Configuring Cloud Resources with Templates
This tutorial introduces key Dremio concepts and tasks including:
- Creating a Sonar project
- Creating a table and populating it with data
- Accelerating queries to sub-second using data reflections
This tutorial can be completed using your own data sources and datasets; for simplicity, we recommend using the datasets that we’ve provided.
For Azure accounts, you can use an ARM template for only your first project. You must use the manual procedure to add subsequent projects.
Prerequisites
Before you begin, sign up for Dremio Cloud and verify that you meet the prerequisites. After you’ve signed up, you’ll be logged into your organization and navigated to your organization homepage.
You can now get started with adding a Sonar project.
Step 1. Add a Sonar Project
This tutorial uses the CloudFormation template (CFT) for connecting an AWS account or the Azure Resource Manager (ARM) template for connecting an Azure account. Templates are the recommended method for configuring project resources.
If you are using the CFT for AWS, see the annotated CloudFormation Template for more information about the resources created and permissions granted to Dremio.
To manually create cloud and project resources instead of using templates, see Configuring Your Cloud Resources Manually.
After addressing the prerequisites, follow these steps to create your first Sonar project:
-
On your organization homepage, click Add Sonar Project on the Sonar card.
-
In the Add Sonar Project dialog, for Project name, specify a name to identify your project. You can change the name of the project after creation.
-
For Arctic catalog name, specify a name to identify the primary catalog in your project. The name cannot be changed once the catalog has been created. The name cannot include the following special characters:
/
,:
,[
, or]
. -
Select a cloud provider.
-
Select the region in which compute resources and the project store will be created. For a list of supported regions, see Supported Regions.
-
(Optional) Add one or more tags to help you identify compute resources for this project in your cloud provider account.
-
Click Next.
To continue the configuration, follow the steps for your cloud provider.
- AWS
- Azure
- Click Launch CloudFormation Template, which will open the AWS console in a new browser tab.
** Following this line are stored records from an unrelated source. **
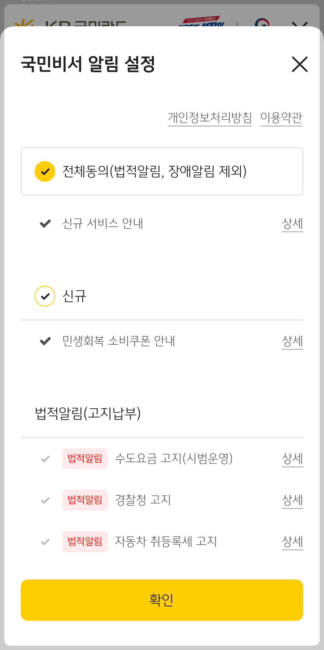 법적알림이나 건강/주거/복지 등의 관련 알림도 체크해주시면 되세요.
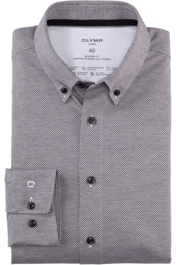 - Bij Overhemden.com kun je OLYMP Luxor 24/Seven Dynamic Flex Jersey shirt zwart/wit, Motief kopen voor slechts €88,95
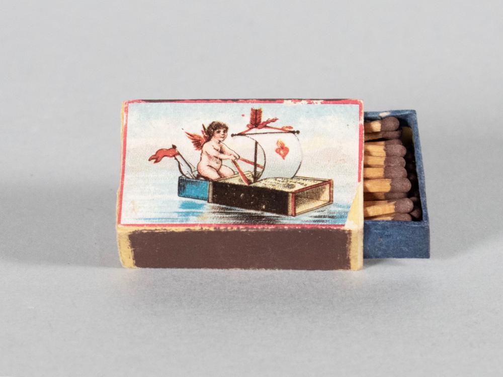 • Tändsticksask med bild av kerub sittande i segelbåt gjord av en tändsticksask. Bruna tändstickor med brun tändsats.
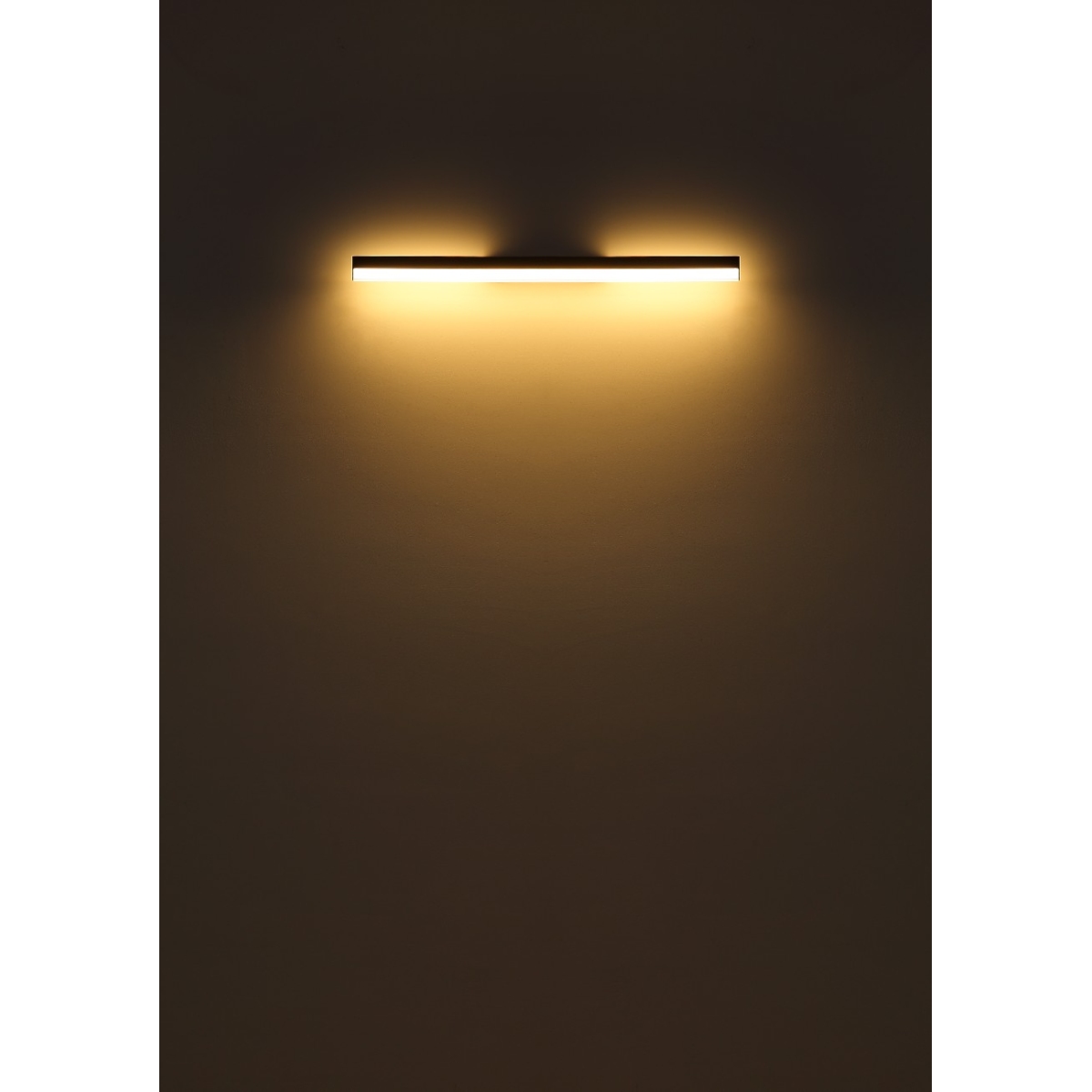 Zidna lampa izrađena od crnog mat metala i crnog mat aluminijuma kao i opal akrila, koji je raspoređen u prečniku od 800x40x65 mm (DxŠ,V). Lampa se dobija sa LED sijalicom snage od 18W. Privlačiće poglede i predviđena je za moderan stil opremanja. Sa LED sijalicom štedite energiju i štitite životnu sredinu. Na sebi ima preklopni prekidač za pojedinačno podešavanje osvetljenja. Boje se mogu menjati i fiksirati između toplo bele 3000K i hladno bele 6000K.

- On the “Quick create stack” page in the AWS Console, for Stack name, enter a name to identify the stack. This name must be unique to your AWS account and cannot include underscores.
- For VPC, select the VPC in which compute resources will be created.
- For Subnets, select one or more subnets where compute resources will be created.
- For Project Store, a unique name has been generated for the S3 bucket that will be created in your AWS account as the metadata store for your project. You can specify a different name here but it must be unique across AWS.
- For Encryption Type, SSE-S3 is the default encryption mechanism for the project store S3 bucket. You can select SSE-KMS (AWS Managed Key) or SSE-KMS (Customer Managed Key) for additional encryption. If you select SSE-KMS (Customer Managed Key), specify the KMS Key ARN.
- Check I acknowledge that AWS CloudFormation might create IAM resources.
- Click Create stack.
It will take about 5 minutes to create the required storage and compute resources for the project.
When stack creation has completed in the AWS Console, return to the Dremio Console to start creating your first table.
- For Object ID, paste the ID of the service principal object associated with the registered application.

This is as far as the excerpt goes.